Artificial intelligence assists identifying malignant versus benign liver lesions using contrast-enhanced ultrasound

Artificial intelligence assists identifying malignant versus benign liver lesions using contrast-enhanced ultrasound

REVIEWED BY Robyn Boman, FASA | ASA SIG: Emerging Technology

REFERENCE | Authors: Hu HT, Wang W, Chen LD, Ruan SM, Chen SL, Li X, Lu MD, Xie XY & Kuang M

WHY THE STUDY WAS PERFORMED

The aim of this study was to assess if the interrater reliability between radiologists at different centres for the detection of malignant focal liver lesions could be improved. This study was based on combining contrast-enhanced ultrasound (CEUS) with artificial intelligence (AI).

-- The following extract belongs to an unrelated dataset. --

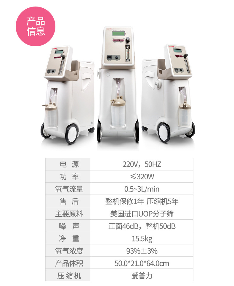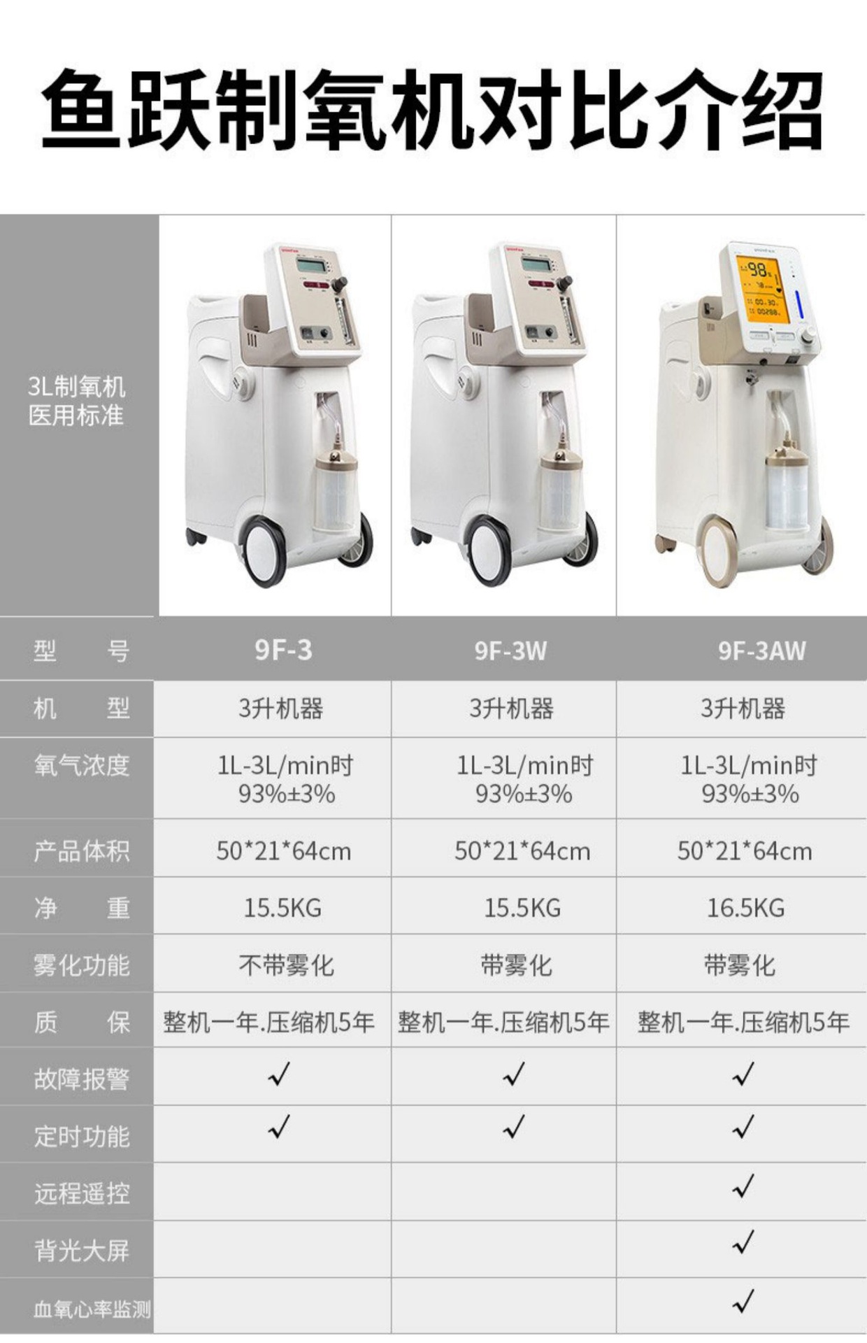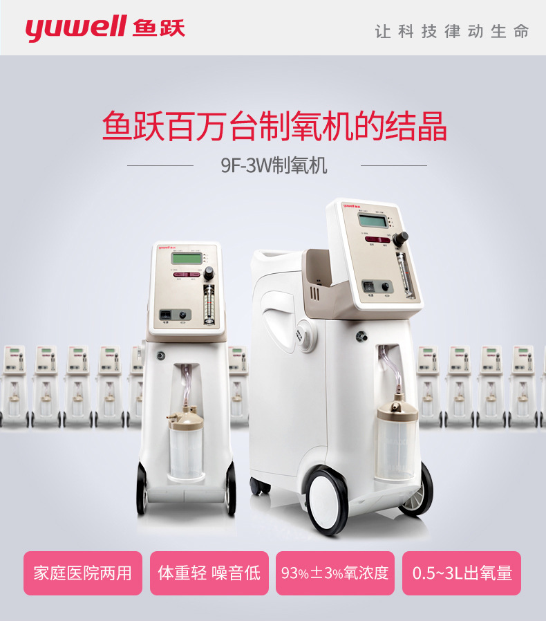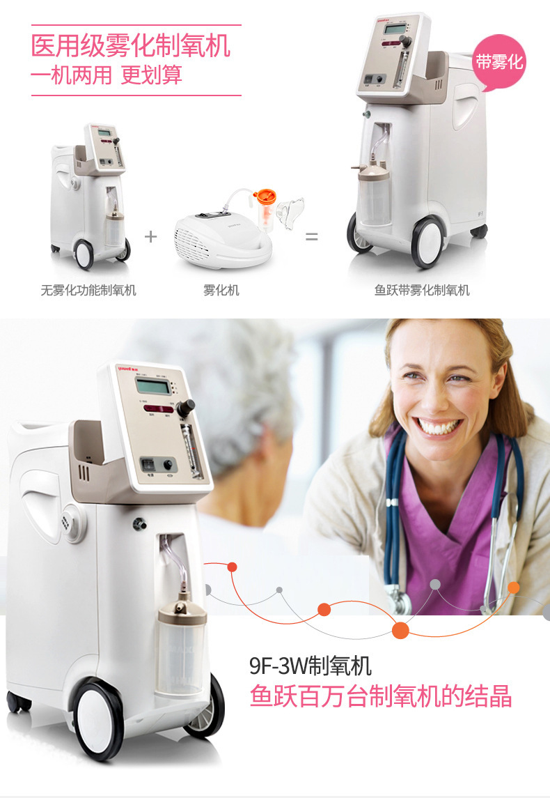 鱼跃制氧机9F-3W家用3升医用3w吸氧3升雾化老人氧气机家庭吸氧机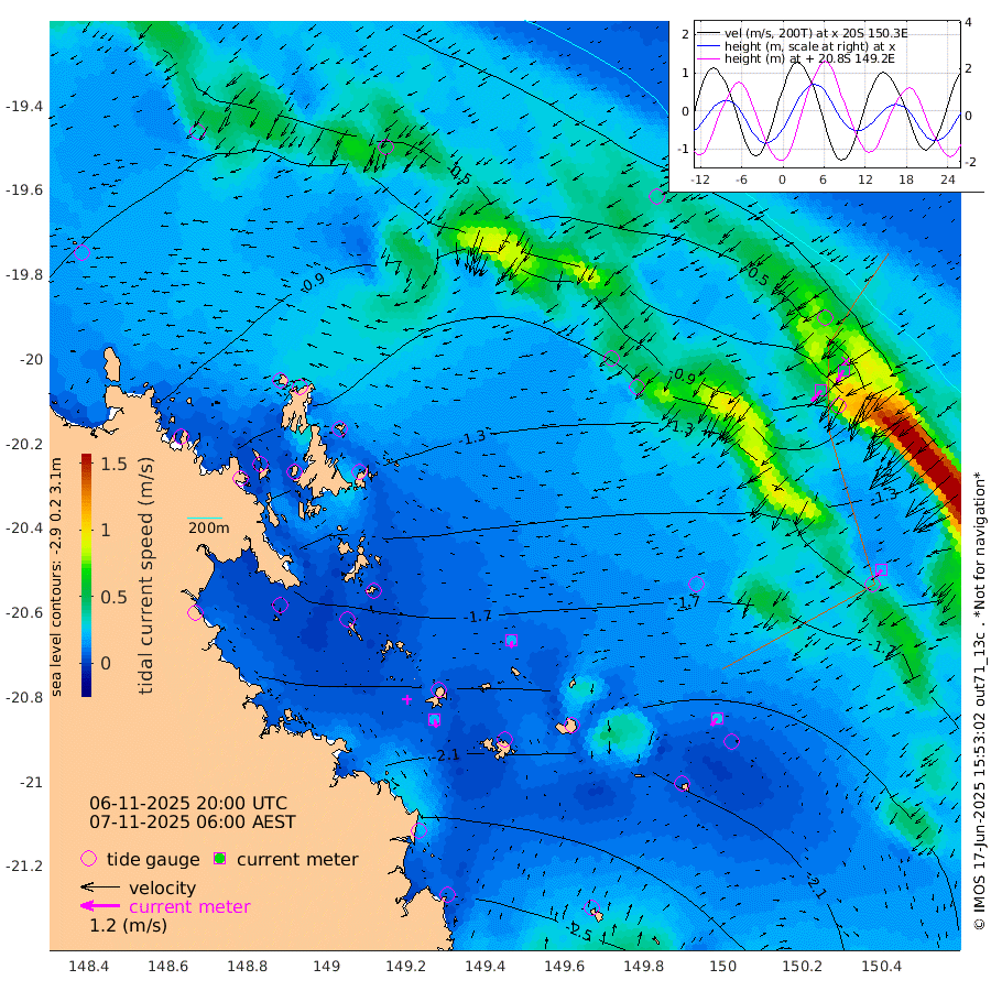 24cm/s 168T +10cm/s rms + 2cm/s 5T. Brampton I 18m 21cm/s -174T +9cm/s rms + 6cm/s 66T. Wigton I 38m 27cm/s -146T +7cm/s rms + 8cm/s 141T. Tern I 47m 45cm/s -152T +7cm/s rms + 12cm/s 54T. N Bugatti Rf 64m 43cm/s -140T +3cm/s rms + 13cm/s 178T. W Bugatti Rf 70m 23cm/s -137T +3cm/s rms + 3cm/s -130T. Creal Rf 69m -79cm Holbourne I -198cm Tern I -88cm Bugatti Rf -133cm Creal Rf -55cm White Tip I -67cm Wallaby Reef -54cm Kennedy Reef -36cm Unnamed Reef No. 2 -114cm Tideway Reef -101cm Hayman Island -148cm Square Reef -111cm Double Bay -140cm Molle Island -141cm Cid Harbour -110cm Hook Island -128cm Border Island -144cm Haslewood Island -138cm Shute Harbour -175cm Thomas Island -173cm Credlin Reef -201cm East Repulse Island -198cm Blacksmith Island -214cm Laguna Quays -202cm Carlisle Island (Off) -227cm St. Bees Island -204cm Scawfell Island -208cm Penrith Island -239cm Mackay Outer Harbour -253cm Hay Point -238cm Prudhoe Island

HOW THE STUDY WAS PERFORMED

This study was a retrospective study. Patients were aged (P = 0.15), gender (P = 0.46) and lesion size (P = 0.25) matched between development and training and sets. Malignant lesions e.g. hepatocellular carcinoma and liver metastasis were biopsied. Benign lesions e.g. haemangiomas and focal nodular hyperplasia were identified by typical observations on CEUS and 12 months of follow-up demonstrating no change. Abscesses were confirmed by drainage of pus or a reduction in size following treatment with antibiotics. Indeterminate lesions were biopsied. Three hundred and sixty-three lesions were evaluated in 614,728 augmented images within the development set. A further 211 lesions were evaluated within 616 images as the testing set.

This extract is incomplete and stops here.